Здесь следует отметить несколько весьма любопытных мо- ментов: известно, что к могилам предков всегда относились как к святыням (вспомним, например, эпизод войны скифов с Дарием, когда уклоняющиеся от большого сражения скифы, обвинённые в трусости, отвечают: у нас ведь нет ни городов, ни обработанной земли. Мы не боимся их разорения и опустошения, и поэтому не вступили в бои с вами немедленно. Если же вы желаете во что бы то ни стало сражаться с нами, то вот у нас есть отеческие могилы. Найдите их и попробуйте разрушить, и тогда узнаете, станем ли мы сражаться за эти могилы или нет (см.: Геродот. IV. 127). [1] При таком отношении к могилам родичей непонятно, каким образом тщательно оберегаемые курганы всё-таки подверглись ограблению. Такие действия могли бы тайно предпринимать представители другой, чужеродной культуры. Однако засвидетельствовано археологически, что ограбления совершались и соплеменниками. Крайне осторожно можно предположить, что могли быть ограбления, на которые смотрели «сквозь пальцы», и даже мог существовать ритуал изъятия вещей из могил и возвращения их представителям рода.
Косвенное подтверждение этому находим в исландских сагах. В «Саге о Греттире» после того, как Греттир разграбил курган Кара Старого, отца Торфинна, и принёс сокровище Торфинну, тот «...увидев меч, весь просиял, ибо это была их родовая драгоценность, и она никогда не покидала их рода». [2] Он нисколько не разгневан на Греттира: «...я знаю, мало проку от сокровищ, если закопать их в землю или положить в курган, я не стану с тебя взыскивать, тем паче, что ты мне всё принёс». [3] Сюжет ограбления кургана вообще характерен для древнеисланд-ских саг: «К рассказу в „Саге о Греттире” всего ближе рассказ о кургане Соти в „Саге о Хёрде”... Во всех таких рассказах повторяются те же черты: долгое раскапывание кургана; спуск в него на верёвке; страшное зловоние в нём; схватка с могильным жителем, охраняющим клад; бегство того, кому было поручено охранять верёвку». [4]

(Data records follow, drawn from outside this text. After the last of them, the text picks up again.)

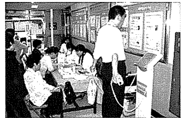
▲ 울산 무료검진 현장
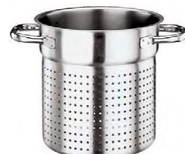
Perforirani lonci (11123)
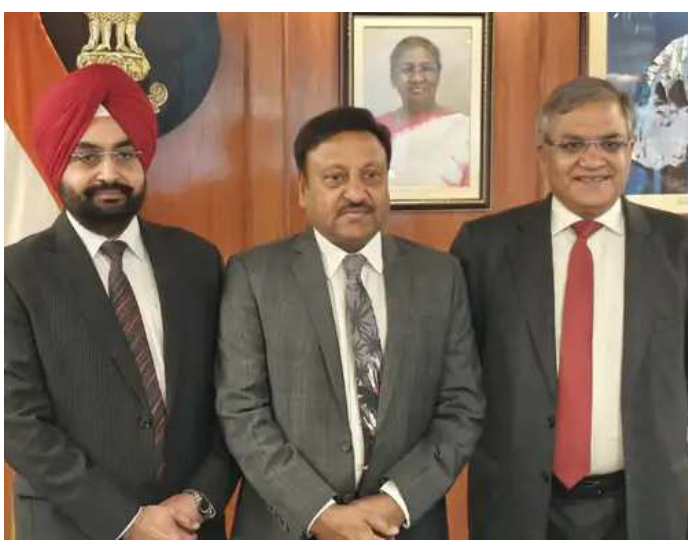
પસંદગી કરવામાં આવી હતી. અરજીઓ અને અનિશ્ચિતતાની સ્થિતિ સર્જશે. અમે વચગાળાના આદેશ દ્વારા આને રોકી શકતા નથી. નવા ચૂંટણી કમિશનરો સામે કોઈ આરોપ નથી. સુપ્રીમ

(એઆર.એલ), ૨૧ સુપ્રીમ કોર્ટે ગુરુવારે નવા ચૂંટણી કમિશનરની નિમણૂક પર સ્ટે મૂકવાની માંગ કરતી અરજીઓ ફગાવી દીધી હતી. ન્યાયમૂર્તિ સંજીવ બક્ષા અને દીપાંકર દત્તાની બેન્ચે જણાવ્યું હતું કે તે મુખ્ય ચૂંટણી કમિશનર અને અન્ય ચૂંટણી કમિશનરો (નિમણૂક, સેવાની શરતો) અને ઓફિસની શરતો) એક્ટ, ૨૦૨૩ની માન્યતાને પડકારતી મુખ્ય અરજીઓ પર ધ્યાન આપશે. સુપ્રીમ કોર્ટે કહ્યું કે તે ચૂંટાયેલા ચૂંટણી કમિશનરોની યોગ્યતા પર સવાલ ઉઠાવી રહી નથી, પરંતુ તે પ્રક્રિયા પર સવાલ ઉઠાવી રહી છે જેના હેઠળ
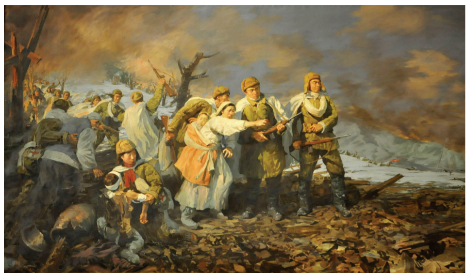
《抗美援朝》(油画) 董希文
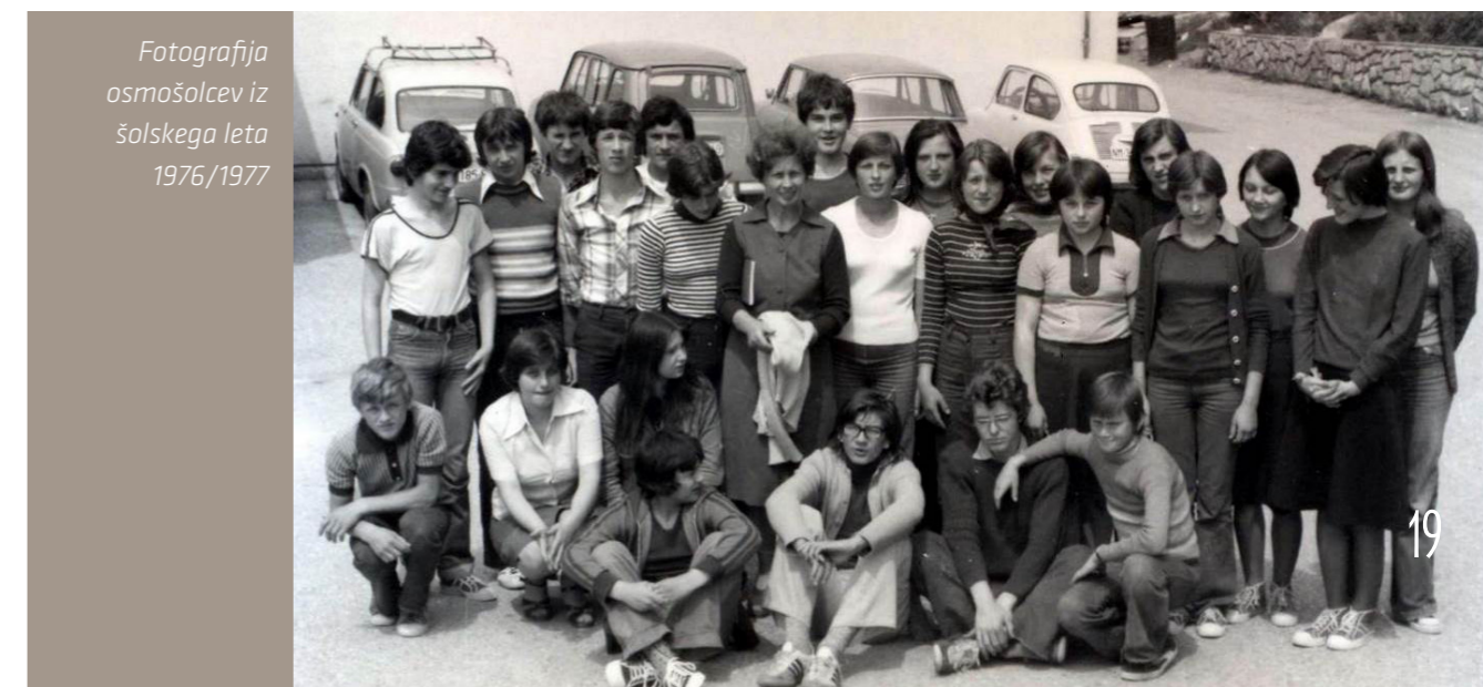
Fotografija osmošolcev iz šolskega leta 1976/1977

V sedemdesetih letih 20. stoletja se je zaradi demografske rasti prebivalstva število učencev vsako leto nekoliko povečevalo in v šolskem letu 1979/1980 je šolo obiskovalo že 706 učencev.
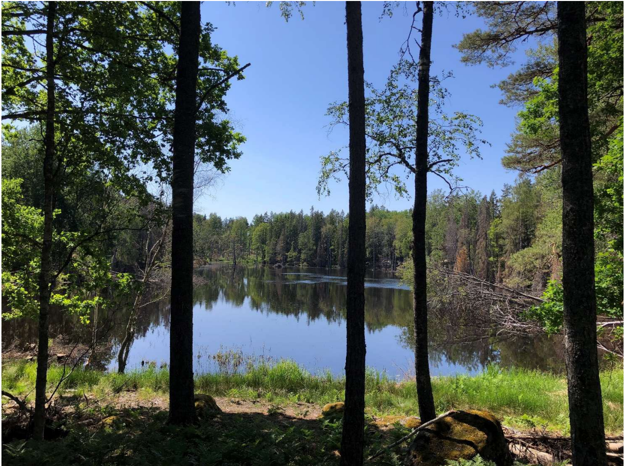
Bild: Våtmark på 5 ha i norra Kärringoda.

Våtmark i norra Kärringoda | Nynäshamn | 584960-175280
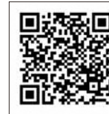
きっかけ割QRコード

※QRコードが読み込めないときはURLを入れてアクセスしてください。 http://ur0.work/Me15 (専用サイトから応募しないと、優待価格での購入が できませんのでご注意ください)。
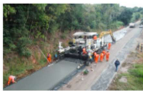
Pavimentação é feita na SC-305

A rodovia tem diariamente o tráfego de toneladas de grãos e proteína animal. Os dois municípios são grandes produtoras de feijão, milho, soja, trigo e arroz, além da pecuária bovina leiteira e corte e da produção de suínos e aves.
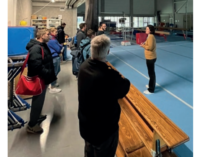
Masterclass Lokaal Sportbeleid – Dag 3: SportInGenk Park – Genk.
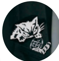
ダヤン部分はガンメタキララメプリント
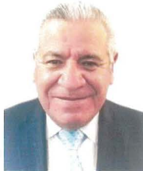
Sen. José Alfredo Botello Montes

REGISTRO DE LA VOTACIÓN DEL DICTAMEN DE LA TERCERA COMISIÓN CON PUNTO DE ACUERDO POR EL QUE LA COMISIÓN PERMANENTE DEL HONORABLE CONGRESO DE LA UNIÓN, EXHORTA RESPETUOSAMENTE A LA COMISIÓN NACIONAL DEL AGUA, PARA QUE, EN EL ÁMBITO DE SUS RESPECTIVAS COMPETENCIAS Y ATRIBUCIONES, ANALICE LA VIABILIDAD DE INCORPORAR EN EL PROYECTO DE PRESUPUESTO DE EGRESOS DE LA FEDERACIÓN PARA EL EJERCICIO FISCAL DEL AÑO 2023, RECURSOS DESTINADOS A LAS OBRAS DE INFRAESTRUCTURA HIDRÁULICA EN LA COMARCA LAGUNERA, PARTICULARMENTE ATENDIENDO EL PROYECTO DE PRESA TUNAL II.
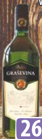
VINO GRAŠEVINA RUBIN 1L
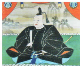
藤堂高虎公座像(部分) 〈前田呉耕画〉
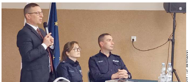
W zeszłym roku nie odnotowano ani jednego włamania.
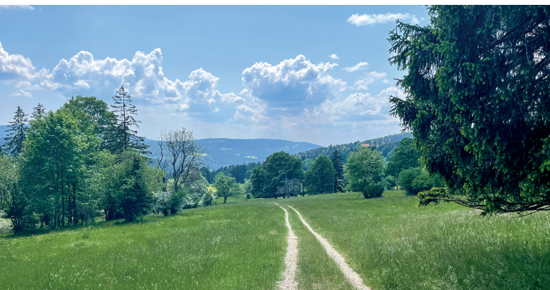
Un paysage jurassien typique: prairies, pâturages et forêts clairsemées.

Restaurant Arena, Tramelan, 032 487 41 01, https://restaurantarena-tramelan.ch/
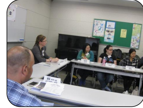
じゅんばんに話します
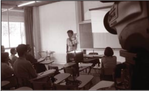
Curs pràctic de docència a l'aula.

El Curs Pràctic de Docència a l'Aula és impulsat pel Vicerectorat d'Ordenació Acadèmica i de Qualitat Universitària, per l'Institut de Ciències de l'Educació (ICE), pel Programa de Suport a la Innovació de la Docència Universitària (PSIDU), i hi col·laboren la Facultat de Ciències i la Facultat de Veterinària de la UAB.
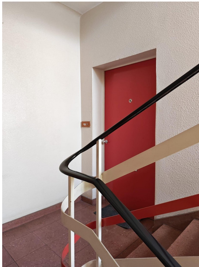
Tür zur Wohnung
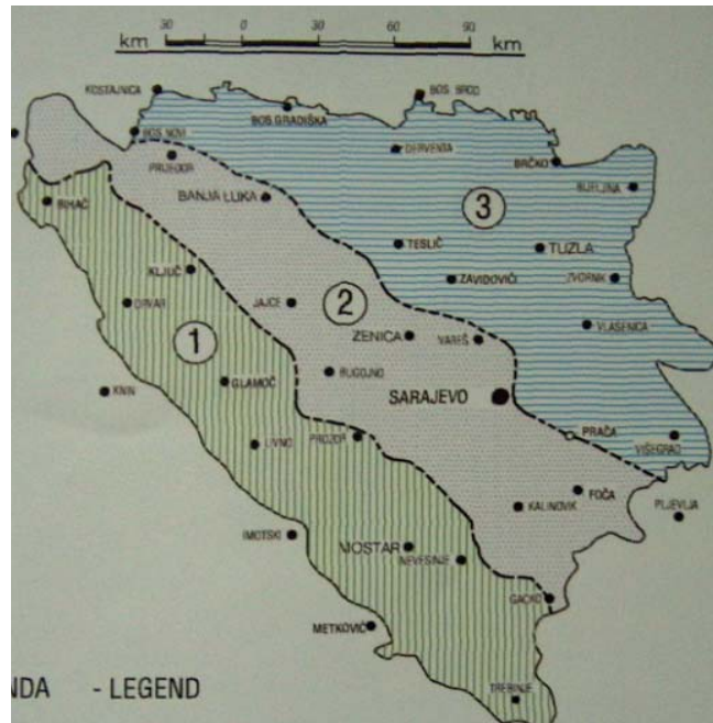
Slika 1. Geotektonska slika Dinarida BiH (1) VANJSKI DINARIDI; (2) SREDIŠNJI DINARIDI; (3) UNUTARNJI DINARIDI

U strukturno-tektonskom smislu područje Hercegovine i jugozapadne Bosne pripada Vanjskim Dinaridima i manjim dijelom prijelaznoj zoni. Karakteristično je da su slojevi velike debljine i da su zastupljeni veliki nabori u kojima se u dnu sinklinale obično nalaze paleogene naslage, dok su tjemena često duboko erodirana, razlomljena i gotovo svugdje navučena na sinklinalne dijelove.
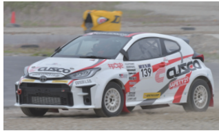
DUNLOP CUSCO GR ヤリス 目黒 亮

В одном якутском Олонхо есть эпизод, где ребёнок после рождения был взят волшебством в глубь кургана и там воспитывался. [5] Дальнейшая сюжетная канва показывает, что нахождение внутри кургана равнозначно пребыванию в потустороннем мире с непременным приобретением магических способностей. Данный пример интересен и ещё по одной причине. Пребывание ребёнка в кургане и приобретение им магических способностей может рассматриваться как своеобразный обряд инициации. В этом аспекте погребальное сооружение как модель мира и специальное сооружение для обряда инициации могут быть близки не только семантически, но, возможно, в отдельных случаях и функционально: «Важнейшим локусом на пути в иной мир была могила, откуда вели дороги во все миры, поэтому сами погребальные памятники часто представляли собой модель мира, причём их сооружение можно приравнять к повторению космогонического акта и описанию загробного путешествия». [6] Учитывая, что некоторые курганы имели реальный вход в могилу (например, позднетагарские курганы в Сибири) и проникнуть туда было несложно, можно предположить, что посещение могилы могло быть не только для подхоронения трупов, но и в иных, ритуальных целях, например при обряде инициации.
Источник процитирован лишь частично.